I think there will be karaoke competition.
The real question is for how long Russia will be able and willing to underwrite Belarus economy as nobody in the world needs MAZ trucks or any other industrial equipment made in Belarus. Russia can easily replace Belarus industrial exports with much better products from say, Korea or Brazil.
STOLYPIN: Moscow is not Minsk, but it is in its shadow
Can Lukashenko survive? While not impossible, it is looking increasingly unlikely. With the situation on the ground moving so quickly, though, I will ...www.intellinews.com
Another brilliant move by Putin. Lukashenko has distanced himself from Moscow in recent years, and out of the blue for the first time in his reign there are mass protests and an organized viable opposition and the army, integrated into the Russian armed forces in all but name, refuses to do what it has done for decades; protect the regime. Leaving Lukashenko no other choice than to bow down to Putin. If it gets worse he'll have no other choice than to "invite" polite people to move into the country. Russia will not let this buffer state fall.
Putin plays grandmaster level chess while the EU thinks they're playing a game of checkers. All they've done is push the formerly semi-neutral Belarusian regime firmly into the arms of Russia. Retaining the status quo would have been better for everyone except Russia but of course realism doesn't exist in the fantasy world of Western politicians and diplomats. Nothing learned from Ukraine.
I have to disagree. Putin has to tread very carefully. He is actually in position damn if you do, damn if you don't. His media has been anti-Lukashenko since at least Russian invasion of Georgia in 2008. This went into overdrive since the Ukrainian adventure when Lukashenko covertly provided MASSIVE assistance (not free of charge, of course) to the state of Ukraine that helped to stall Russian invasion of another neighbor. Right now, Putin's best move is to quickly install at least in name "pro-Democracy" and "pro-Western" successor to Lukashenko. Backing the current leader is counterproductive. Also, one has to forget about swallowing Belarus as well. In short, like I've alluded earlier some sort of Armenian or Kyrguz scenario.
I didn't say Lukashenko himself would survive this, I mean the pro-Russian regime not just surviving but being more closely controlled by Moscow than it has ever been since 1991. Whether Lukashenko himself signs off on this or some muppet appointed by the Kremlin is irrelevant.

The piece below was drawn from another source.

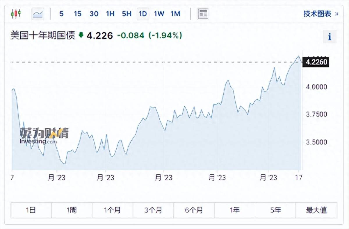 好不容易国内的利空快要跌完了,国际上的利空来了。本周美国国债收益率大幅飙升,基准10年期美债收益率周四收于4.307%,为2007年11月7日以来最高;30年期美债收益率收于4.411%,为2011年4月28日以来最高。

That I can agree on, but the West is moving much faster on this crisis than Kremlin at the moment. It looks like the successor has been picked already. Valery Tsepkalo intends to move to Poland
Actually Valery is already in Poland. To make matters worse for Russia, they have already opened a criminal case against Tesplkalo and requested that Interpol detain him. So, he had to spend 3 hours at a border crossing for diplomatic matters to be ironed out.